随着生活质量的不断提高，平均寿命将继续增加。强调这一改善的是英国政府对NHS的大量支持（2011/12年度为1335亿英镑）和英国制药行业的研发巨额投资（2011/12年度为49亿英镑）。所有利益相关者对高质量医疗保健的期望不可避免地很高。幸运的是，最近科学技术的进步使我们能够努力实现个性化医疗和预防保健。这种方法需要来自广泛专业学科的研究人员的集体努力。 科学和工程的进步往往伴随着数学科学的重大发展，因为后者是所有其他科学的基础。UoL中心将由应用和纯数学家，统计学家以及医疗保健研究人员，临床医生和实业家组成的大型多学科团队组成，与15个高等教育机构和40个NHS信托基金以及其他行业合作伙伴合作，包括我们最强大的团体：MRC药物安全科学中心，细胞成像中心（CCI用于实时3D和4D成像），数学成像技术中心（英国独一无二），利物浦生物医学EM单位，MRC再生医学中心，NIHR健康保护研究单位，MRC试验方法研究中心。以下重点介绍了几个研究主题：首先，更好地了解细胞和组织的相互作用动力学对于开发有效的未来癌症治疗方法至关重要。目前的大部分工作都是二维的，有限制性的假设，无法获得用于建模的真实的数据。我们将使用在UoL的CCI生成的3D设置中细胞相互作用的无与伦比的真实的数据。所获得的真实图像将具有低对比度和噪音，并将由我们的成像团队通过开发准确和高分辨率的成像模型进行分析和增强。所需的主要成像工具是分割方法（根据大小、形状和精确边界识别细胞和组织区域等对象）。我们将提出和研究一类新的三维模型，使用我们的成像数据和分析工具，调查和预测的时空动态。 其次，更好的药物如何传递到组织细胞的模型将改善药物毒性的个性化预测。我们将结合联合收割机的新的成像数据的药物渗透到三维实验模型系统与多尺度的数学模型，从细胞水平的这些模型系统的比例，最终目的是更好地在体外到体内的预测。 第三，存在许多相互竞争的成像处理模型和软件。然而，对于具有噪声和低对比度的真实的图像，很少有方法是鲁棒的和准确的。为了改进建模，应用数学家和纯数学家合作考虑使用更复杂的双曲几何和黎曼曲面和分数微积分工具来满足对准确性的要求，应用数学家和统计学家将合作设计更好的数据保真度项来模拟图像差异。 第四，对现有抗生素的抗药性意味着以前可以治疗的疾病再次变得致命。

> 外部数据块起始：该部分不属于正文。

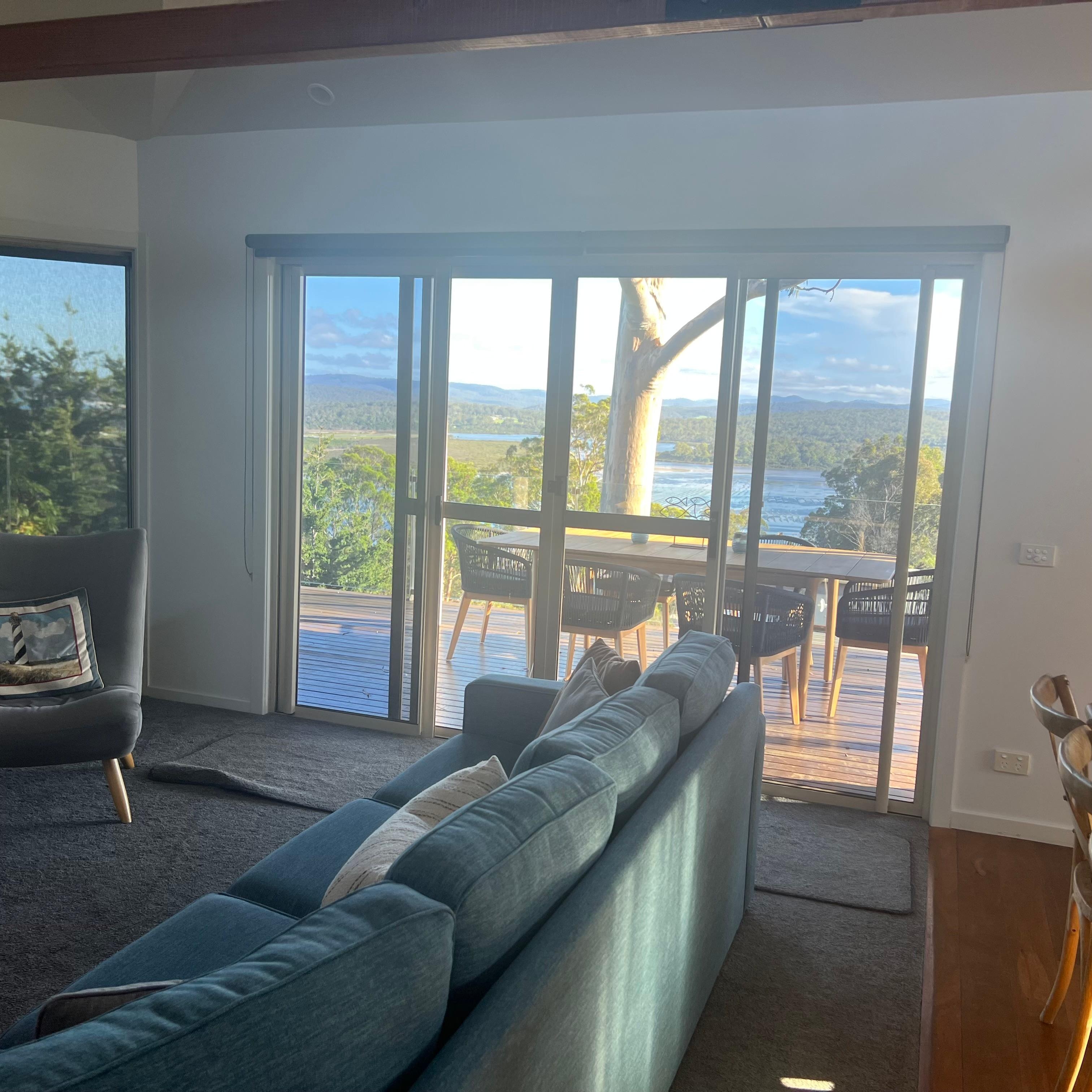 Pure Indulgence' provides comfort and space. The beautifully polished wooden floors guide you through the lovely living areas. There are 4 bedrooms (sleeps 8). The main bedroom has a King Bed. The second and third bedroom have Queen Beds and the 4th bedroom e bedrooms offer queen sized beds and the fourth bedroom has 2 x single beds. Please note that the 4th bedroom is accessed through the 3rd bedroom. The fully equipped kitchen is perfectly positioned to take in the ocean views and includes all the necessary items to create a home cooked meal. Featuring modern appliances, dishwasher, gas stove top and plenty of bench space for preparation. The first living area offers a fantastic indoor/outdoor living space with views from the living area that opens to the great back deck where the views are even more spectacular.

为了理解和减轻这一点，需要更好地了解这种耐药性如何在人类相互作用网络中建立，以及它如何依赖于抗生素处方实践。为了理解这些场景，需要更好地理解异构环境中的数学竞赛。我们的团队将分析动力系统的数学专家与抗菌素耐药性专家和全科医生联系起来，以确定减轻或减缓抗菌素耐药性发展的策略。 我们的研究主题是一致的，并将增加价值，现有的和当前的UOL和研究理事会战略投资，活动和未来的计划。

项目成果

Martin Integral Representation for Nonharmonic Functions and Discrete Co-Pizzetti Series

非调和函数和离散 Co-Pizzetti 级数的 Martin 积分表示

• DOI: 10.1134/s0001434619110014
• 发表时间: 2019
• 期刊: Mathematical Notes
• 影响因子: 0.6
• 作者: Boiko T

Coordinating the real-time use of global influenza activity data for better public health planning

• DOI: 10.1111/irv.12705
• 发表时间: 2019-12-03
• 期刊: INFLUENZA AND OTHER RESPIRATORY VIRUSES
• 影响因子: 4.4
• 作者: Biggerstaff, Matthew;Dahlgren, Fredrick Scott;Wu, Joseph T.
• 通讯作者: Wu, Joseph T.

A variational model with hybrid images data fitting energies for segmentation of images with intensity inhomogeneity

• DOI: 10.1016/j.patcog.2015.08.022
• 发表时间: 2016-03-01
• 期刊: PATTERN RECOGNITION
• 影响因子: 8
• 作者: Ali, Haider;Badshah, Noor;Khan, Gulzar Ali
• 通讯作者: Khan, Gulzar Ali

On Periodic Asymmetric Extrapolation

关于周期性不对称外推

• DOI: 10.1134/s0001434618110044
• 发表时间: 2018
• 期刊: Mathematical Notes
• 影响因子: 0.6
• 作者: Boiko T

Deformation and dynamic response of abdominal aortic aneurysm sealing.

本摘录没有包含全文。